The listing below must be repeated word for word, with its images excluded.

* **DATA SECTION**:
------------------------

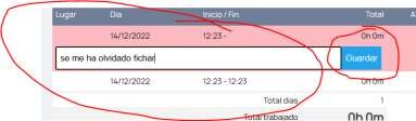 – Hacer el seguimiento de los fichajes de cada monitor/monitora. ( estamos viendo que la gente no está fichando o no se le está haciendo hincapié que tiene que fichar sus horas) RECORDAR QUE para una posible inspección tiene que estar los fichajes de cada trabajador por día y hora trabajado y si se les olvida fichar comunicarlo en incidencias IMPORTANTE QUE REVISÉIS ESTO . LO TENÉIS EN LAS INCIDENCIAS
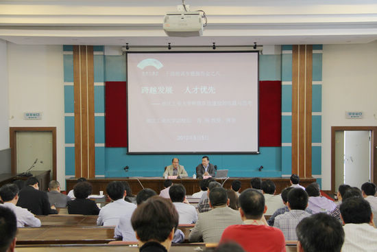 5月5日下午,浙江工业大学副校长肖刚教授应邀来校,作“跨越发展 人才优先——师资队伍建设的实践与思考”干部培训报告。校党政领导班子成员出席,中层干部、民主党派和知联会负责人,全体教授、校级以上重点学科带头人,系、实验室主任,研究所所长,部分管理干部等一起聆听了报告。报告会由副校长陆永良主持。
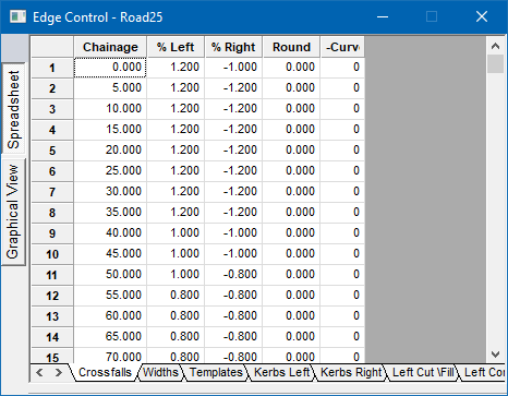 The program calculates and rounds crossfalls at every chainage. You can view the crossfall in the Edqe Level spreadsheet.

------------------------

* **EXPECTED ANSWER**:
 – Hacer el seguimiento de los fichajes de cada monitor/monitora. ( estamos viendo que la gente no está fichando o no se le está haciendo hincapié que tiene que fichar sus horas) RECORDAR QUE para una posible inspección tiene que estar los fichajes de cada trabajador por día y hora trabajado y si se les olvida fichar comunicarlo en incidencias IMPORTANTE QUE REVISÉIS ESTO . LO TENÉIS EN LAS INCIDENCIAS
 5月5日下午,浙江工业大学副校长肖刚教授应邀来校,作“跨越发展 人才优先——师资队伍建设的实践与思考”干部培训报告。校党政领导班子成员出席,中层干部、民主党派和知联会负责人,全体教授、校级以上重点学科带头人,系、实验室主任,研究所所长,部分管理干部等一起聆听了报告。报告会由副校长陆永良主持。
 The program calculates and rounds crossfalls at every chainage. You can view the crossfall in the Edqe Level spreadsheet.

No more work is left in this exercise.